Evaluating privacy-preserving synthetic data remains a major challenge. Foraker et al. compared outcomes from real versus synthetic datasets and found minimal bias across analytical models, validating the feasibility of synthetic EHR for research use. Kaiser, Krishnan, and Bennett reviewed privacy and utility metrics and emphasized the need for unified quantitative standards to assess data realism and confidentiality. Lomurno, Fiore, and Gerla proposed a generalized information-theoretic framework for quantifying the privacy risk of shared synthetic data. Additionally, Wang et al. demonstrated that synthetic data can effectively replicate vaccine effectiveness studies, confirming its validity for pharmacoepidemiological research.

Bukaita and Chadalawada (2025) propose a two-stage perturbation mechanism for EHR data, applying interval-based random noise followed by Gaussian noise to achieve differential privacy while preserving statistical properties. Their approach demonstrates improved data utility compared to single-stage noise methods. However, the study primarily focuses on perturbing existing numerical data and does not extend to generating fully synthetic records or preserving complex relational structures, highlighting an opportunity for KNN-based synthetic data generation as proposed in the current study.

2. Methodology

This study employs a multi-layered approach to generate privacy-preserving synthetic Electronic Health Records (EHR) that balance data utility with robust privacy protection. The methodology builds upon established techniques in the literature, combining interval-based perturbation, Gaussian noise addition, and K-Nearest Neighbors (KNN) to create synthetic health records that maintain statistical properties and clinical relevance while protecting patient privacy.

First Layer – Introduction of Random Noise and Gaussian Noise

The Output dataset of the previous research paper is used for the further research in this paper.

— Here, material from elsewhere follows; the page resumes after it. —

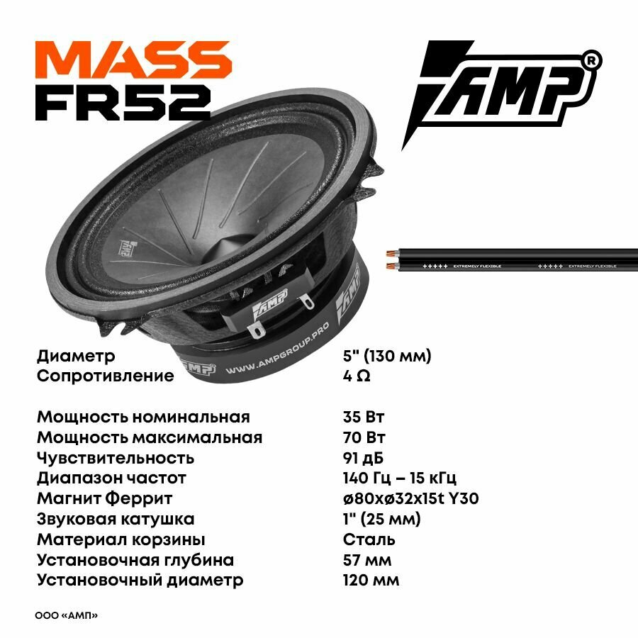 Акустика AMP MASS FR52, широкополосная, 13см, с усилителем, 35Вт, 91дБ, 4Ом: сравнение цен, характеристики, фото, актуальное наличие и цены.

The previous dataset consists of random noise perturbation to minimize the noise generated by the excessive gaussian noise and Gaussian noise on top of it to give theoretical privacy guarantees.

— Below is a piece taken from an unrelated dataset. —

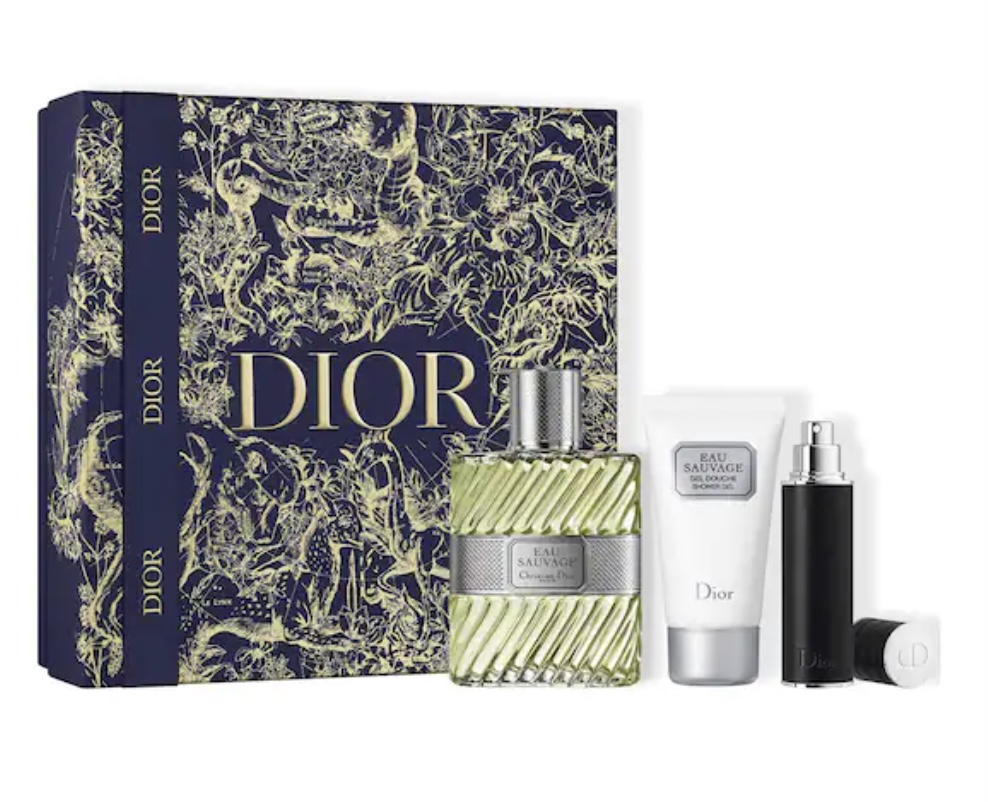 Les hommes ont aussi droit à des superbes coffrets de parfum pour Noël. Le cadeau idéal pour tous ceux qui aiment le célèbre Dior Sauvage.

Second Layer – Application of KNN to create synthetic data

Our methodology considered three parameters that sequentially applies complementary privacy-preserving techniques while maintaining data utility:

K-Nearest Neighbors (KNN) Based Synthesis

To generate realistic and diverse synthetic patient records, we employ a data-driven approach using the K-Nearest Neighbors (KNN) algorithm as a local sampling strategy in high-dimensional feature space. Rather than using KNN for classification or regression, it is utilized here to produce new data points by interpolating between similar real-world samples. This method ensures that synthetic samples respect the intrinsic structure and correlation present in clinical data.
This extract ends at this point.